I just want it to be over. I want to move on with my life and stop living in limbo. I don't know where I am going to be living, here or there? If I stay here, great but I need to know so I can secure my job, I have been offered a promotion that I had to turn down because I am unsure of my future. If I go there, I need to start making plans to do so, I need to set up a place to live, find employment, sell my home, sell my belongings. Whatever the future holds I just want to know so I can figure out what the hell I'm doing with my life.

She knows all of this and it doesn't matter to her, she has our child full time, she is starting a new life for herself it doesnt matter to her if this gets resolved anytime soon. The longer the better. This doesn't just affect me but also our child but she is too selfish to see or care about that.

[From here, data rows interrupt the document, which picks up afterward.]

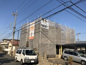一身田平野町で塗装工事の足場組みをさせていただきました!
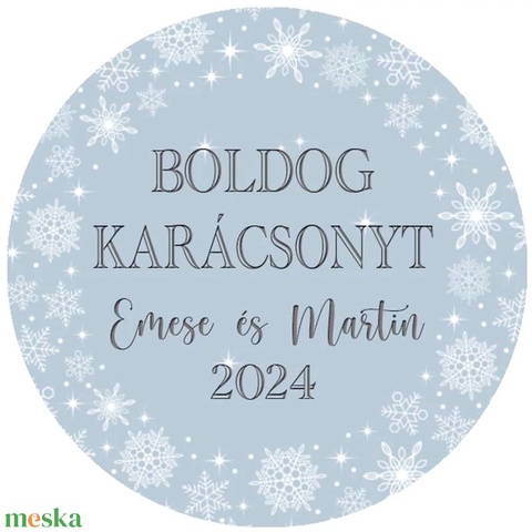 Karácsonyi matrica - Egyedi szöveggel ellátott személyre szabott- hópelyhes kék (Egyedi karácsonyi ajándékok)
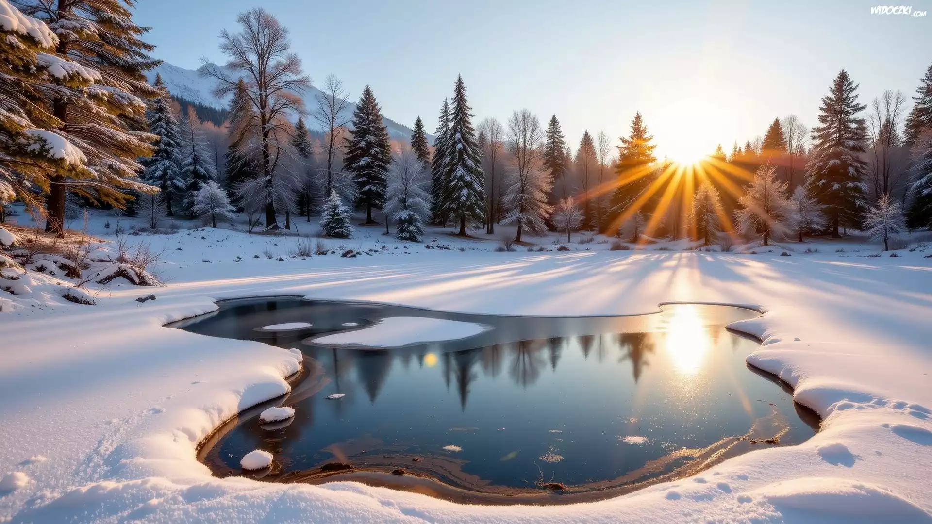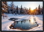 Zdjęcia, Zima, Śnieg, Ośnieżone, Drzewa, Promienie słońca, Jezioro
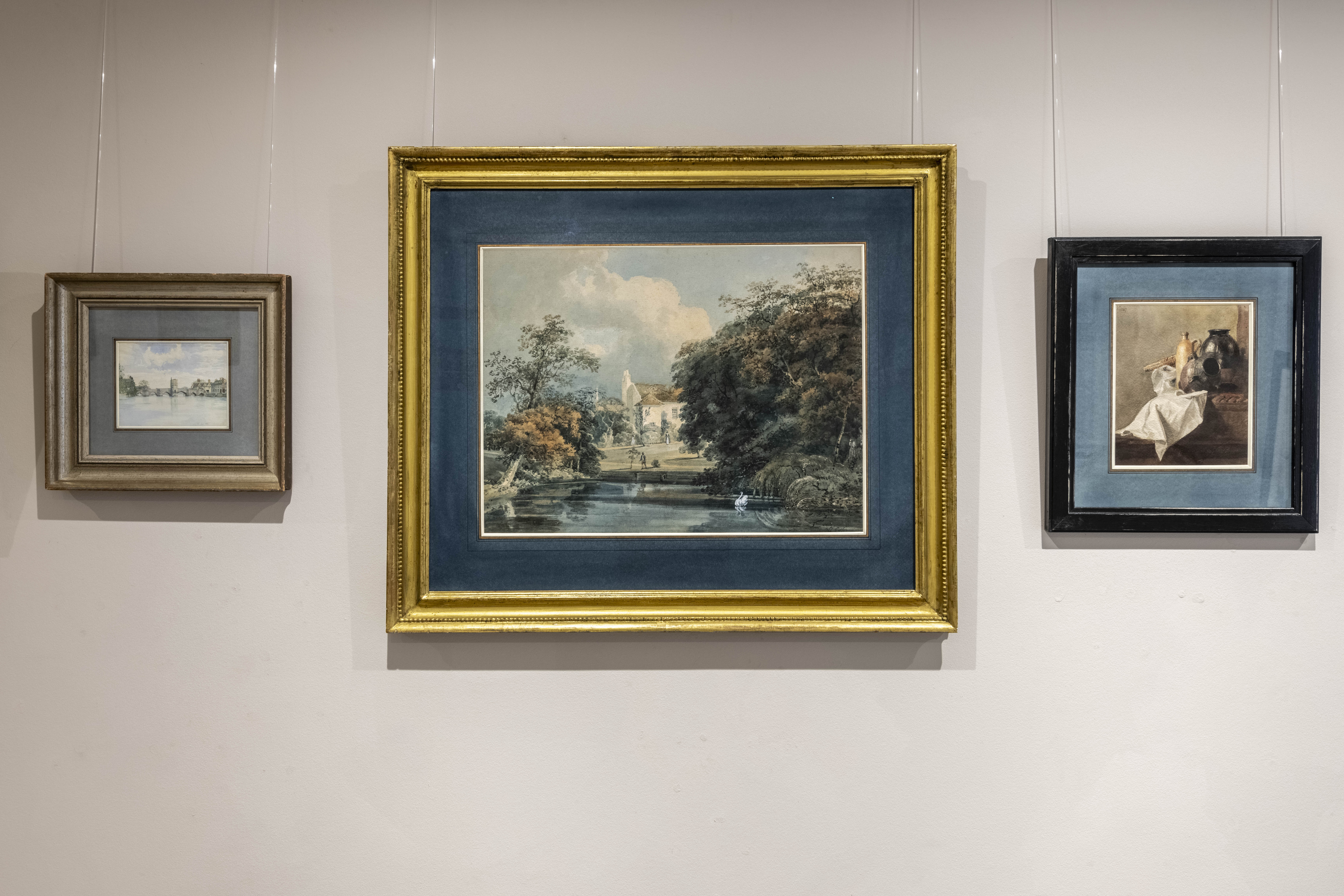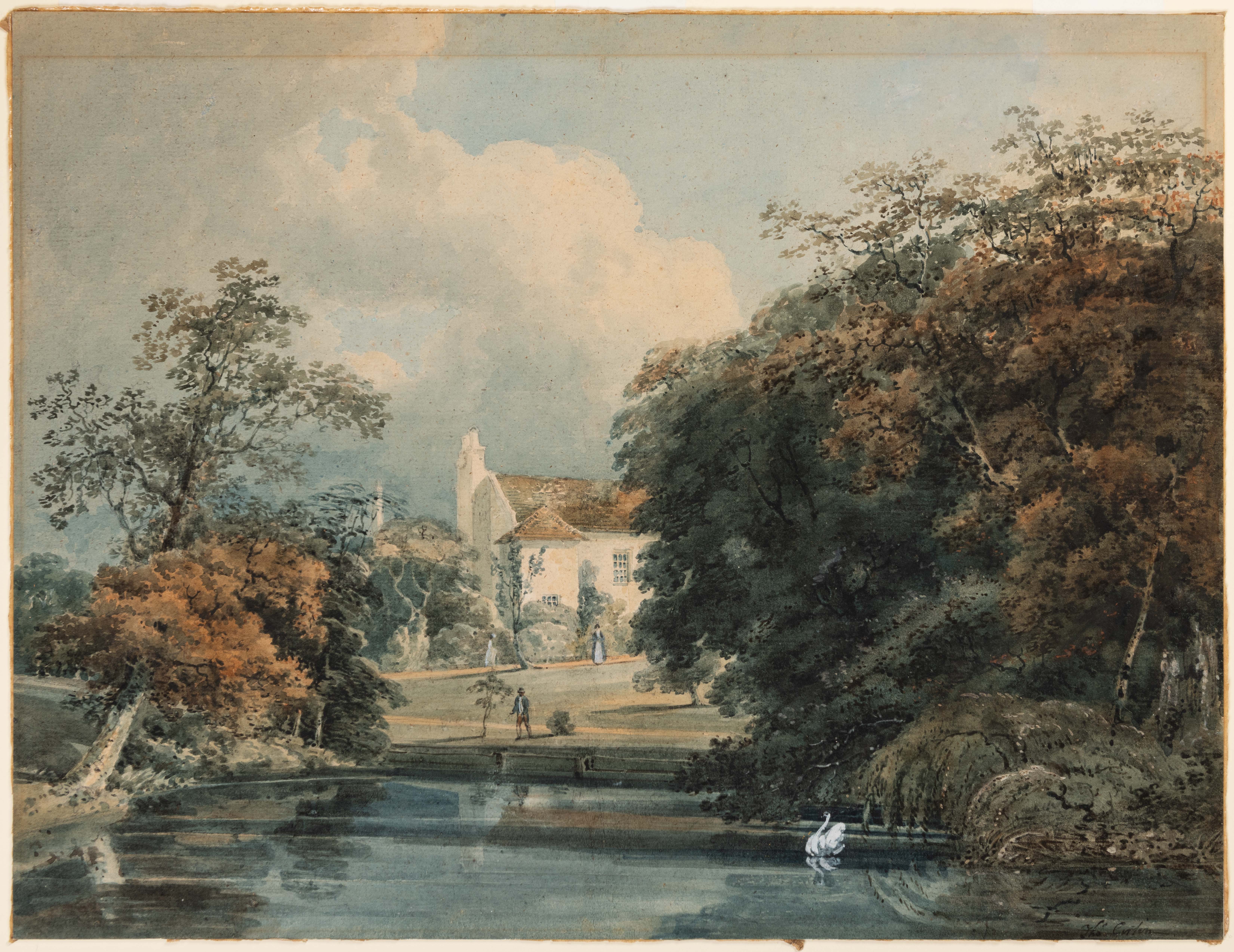 The present sheet, drawn on Girtin’s preferred heavy cartridge paper and in remarkably fine and fresh condition, depicts Chalfont Lodge, a Gothic cottage built by John Nash around 1799 for Thomas Hibbert’s younger brother Robert. Since demolished, Chalfont Lodge was situated atop a hill several hundred metres to the northeast of the main house and was built to harmonize with the existing landscape of the estate, with its own ornamental lake and kitchen garden. Robert Hibbert lived at Chalfont Lodge until 1819, when he inherited the estate upon the death of his elder brother Thomas that year. As noted above, Girtin painted a pendant view of the south front of the Lodge, which is now in the Birmingham Museum and Art Gallery. He also painted a smaller watercolour of The South Front of Chalfont Lodge, probably commissioned by Robert Hibbert, which is today is in the Paul Mellon collection at the Yale Center for British Art in New Haven.
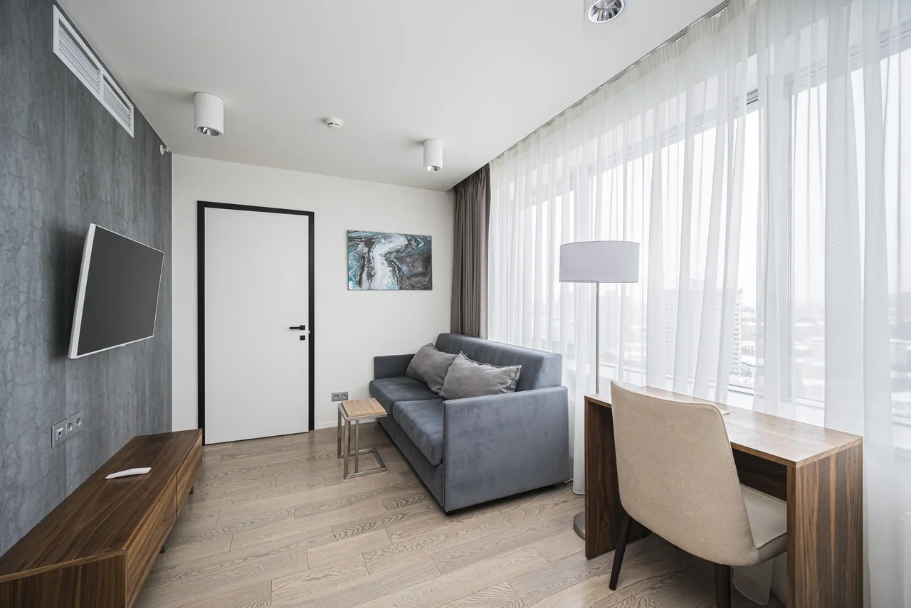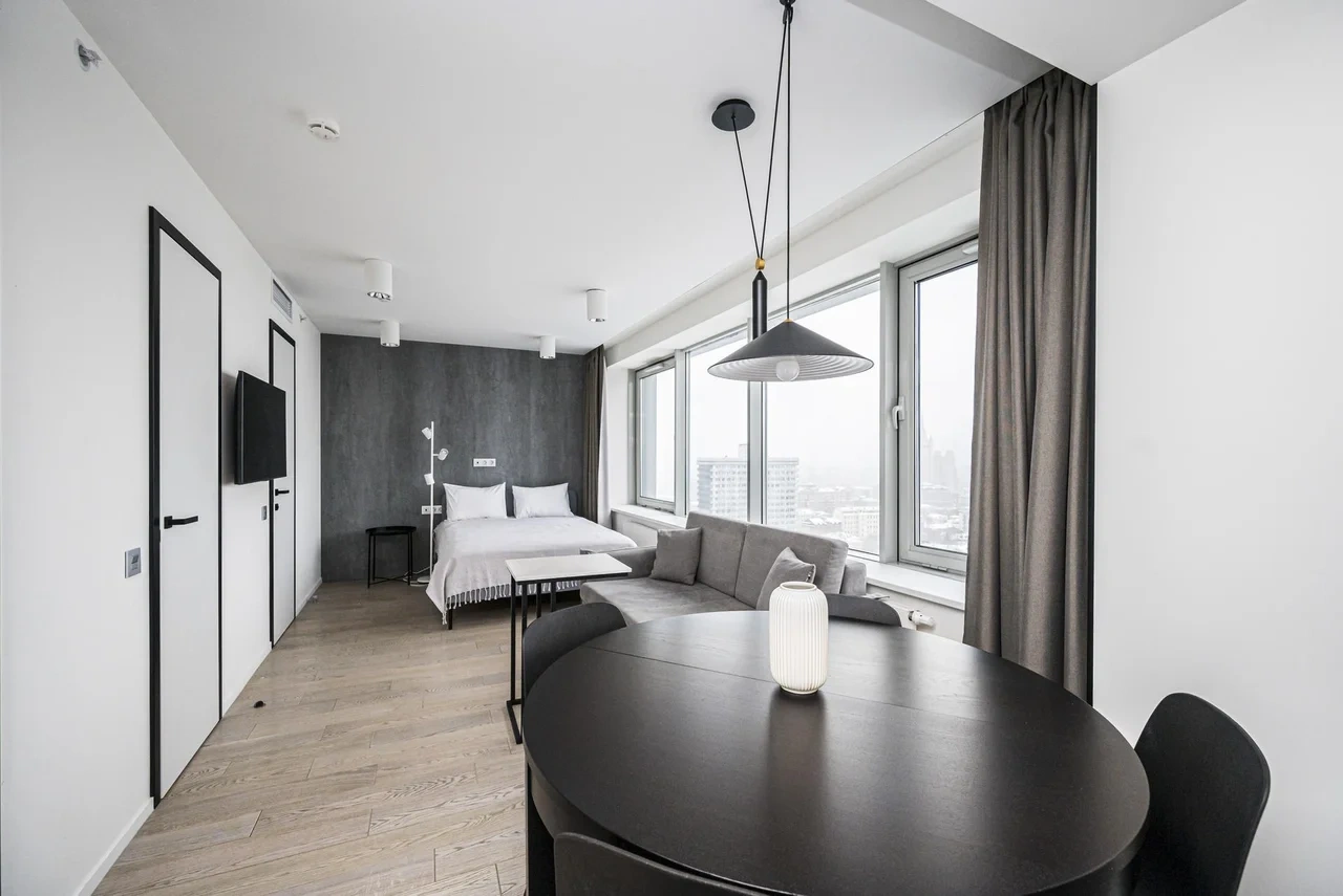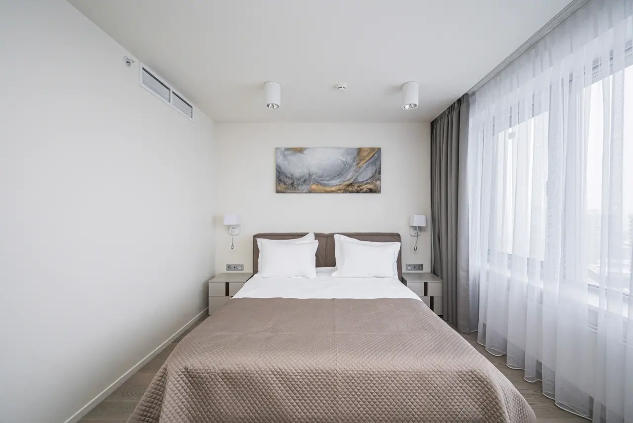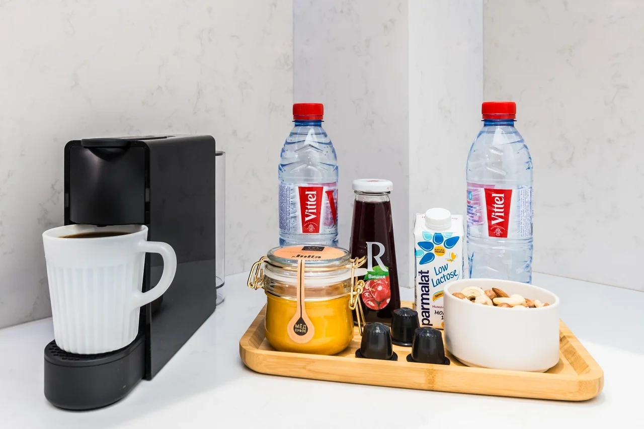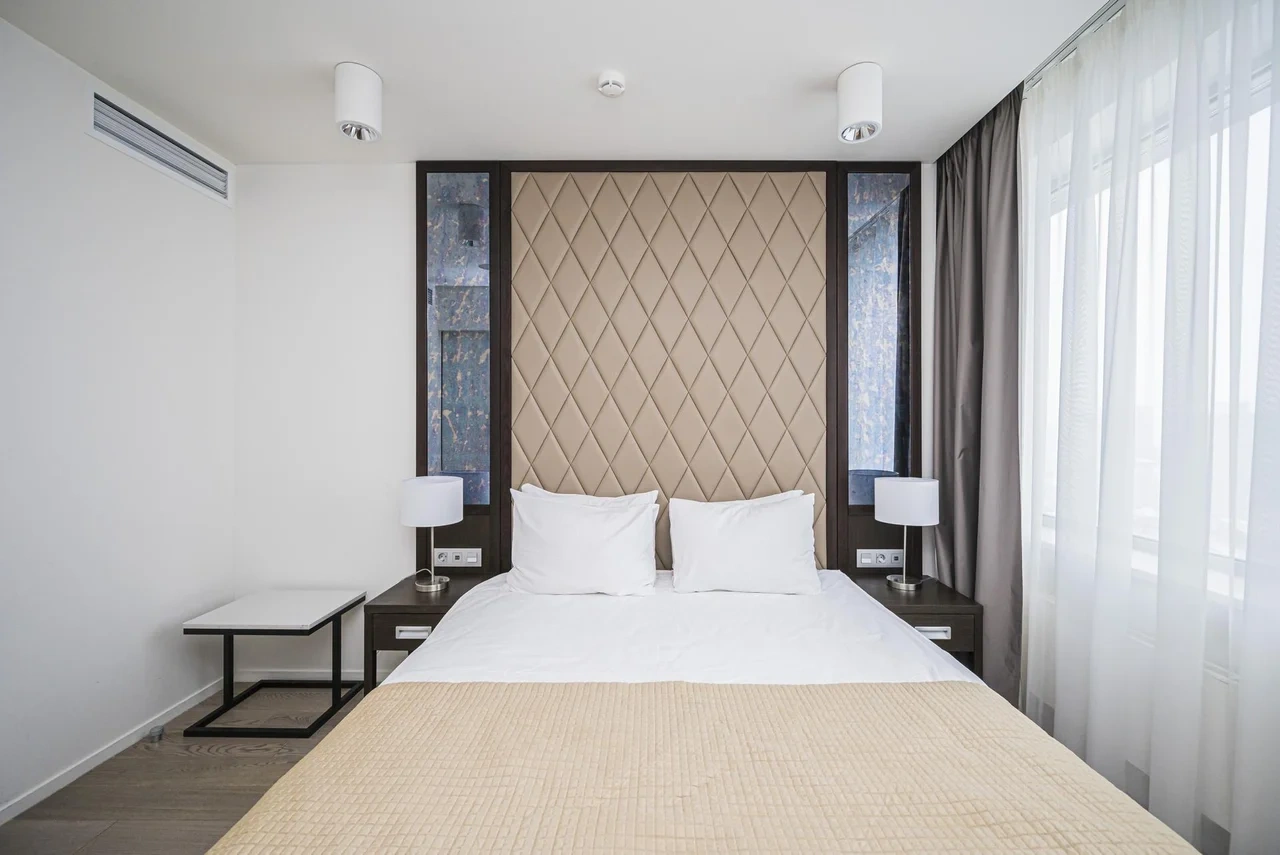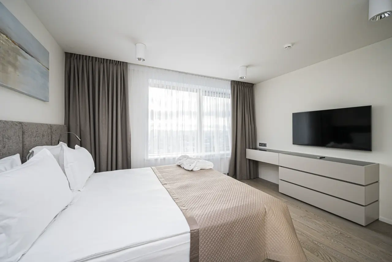 В числе удобств всех апартаментов — полностью оборудованная кухня со всеми приборами для приготовления и приема пищи, стиральная машина с сушкой, посудомоечная машина, встроенный питьевой фильтр. ТВ с иностранными каналами в каждой комнате, вай-фай, рабочее место, гардеробная, ванная, дополнительный с/у и шикарный вид с высокого этажа. По утрам гостям подают континентальный завтрак.
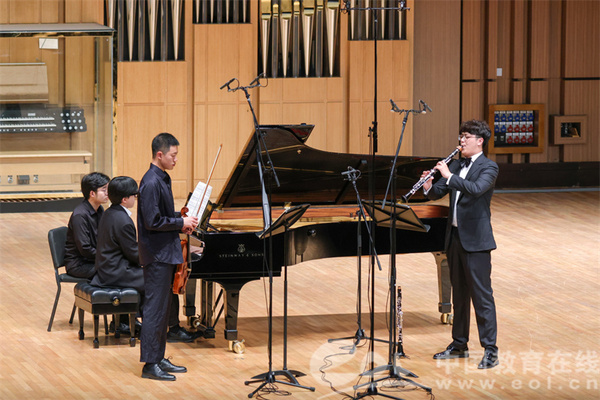 4月22日晚19:30,“相约浙音”周末音乐会系列进行了首场演出,由浙音管弦系、室内乐学院学生带来的“国际获奖选手音乐会”在浙音标准音乐厅精彩上演。演出汇聚了浙音管弦系、室内乐学院曾在马萨(Massa)国际青年音乐家比赛、巴列塔(Barletta) 国际青年音乐家大赛、意大利古典音乐家比赛、基耶蒂国际音乐比赛等国际赛事中获奖的优秀学生,集中带来了钢琴、提琴、单簧管等作品,展现了浙音管弦系、室内乐学院的教学成果,为观众带来一场国际领先水平的高质量音乐盛宴。
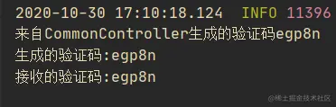 接着启动Springboot,在前端输入验证码,查看后台的输出内容,可以看到LoginController成功的接收到来自另一个Controller传来的验证码了,匹配成功!
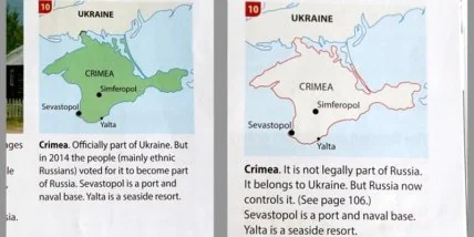 Новая версия школьного учебника Geog.3 поступила в продажу 29 февраля. В ней подчеркивается, что в соответствии с международного права, Крым принадлежит Украине. В учебнике указано, что ООН не признает Крым как часть российской территории, а большинство стран мира, в том числе Великобритания, осудили незаконный референдум в 2014 году на полуострове.
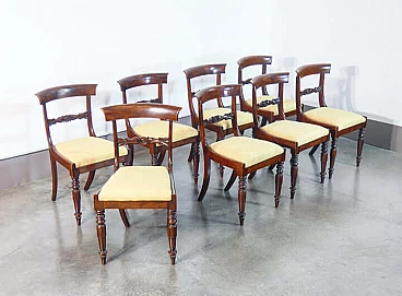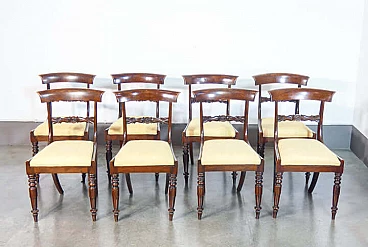 8 Sedie Direttorio in massello di faggio e tessuto, inizio '800

This is hell. I just want it over.


----------



## Canada75 (Jan 15, 2017)

Although this is something I haven't been through, fight for your daughter at all costs. I wouldn't move the case to another state. The state your in is where you live and where she left from. Don't fall into her trap, appeal and perhaps get a better lawyer. There is no way one parent can just up and leave the state with a child. That just doesn't seem right.


----------



## JohnA (Jun 24, 2015)

In the mean while either send her the money you would pay her for 50/50 child support or put it in a trust fund with either the court or your attorney. If you have not to date, start to do so. Also, if you have done neither paid her, or into the trust fund moving into her state might mean having to fight abandonment charges. 

Speak to your lawyer on Monday and get it done.

Why did she move?


----------